Accelerated thermal fatigue of tin-lead and lead-free solder joints: Effect of temperature range and rate of change

The objective of this research was to establish the performance of SnPb and Pb-free solder joints in thermal fatigue, and to identify the effects of the ramp rate and temperature range in accelerated thermal cycling. Three accelerated thermal cycling (ATC) conditions with two ramp rates: 14 and 95°C/min; two temperature ranges: 0 to 100°C and -40 to 125°C were applied to resistor 2512 and PBGA 256 test vehicles constructed with either SnPb or a SnAgCu (SAC) solder alloy. In addition, the effect of the SAC solder reflow cooling rate was investigated using resistors.
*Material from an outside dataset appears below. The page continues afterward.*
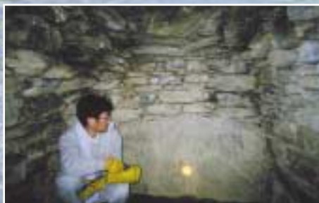
樋口古墳の石室 (徳島市上八万町樋口)

The ATC results were analyzed statistically to understand the effects of the temperature profiles and solder type on solder joint reliability. The overall effect of the ramp rate was relatively small for both SnPb and SAC solders. For the resistors, the SAC solder joints lasted longer than the SnPb solder joints when subject to the smaller temperature range, but were inferior at the larger temperature range. In contrast, the SAC solder joints in the PBGA test vehicles lasted longer than the SnPb joints regardless of the temperature range. The fatigue lives of solder joints were greatly reduced by an increased ATC temperature range.; Finite element models were then used to simulate the stress and strain in solder joints subjected to the above three ATC test conditions. It is concluded that temperature gradients due to shock ATC conditions (95°C/min ramp rate) have a negligible effect on the stress and strain in resistor solder joints. The FE results are well correlated with ATC test results. Strain-based and energy-based thermal fatigue life prediction models using these FE results were able to correlate the ATC lifetimes accurately indicating the suitability of these life prediction equations and illustrating that the high ramp rate data could be correlated with the same equation as the low ramp rate data.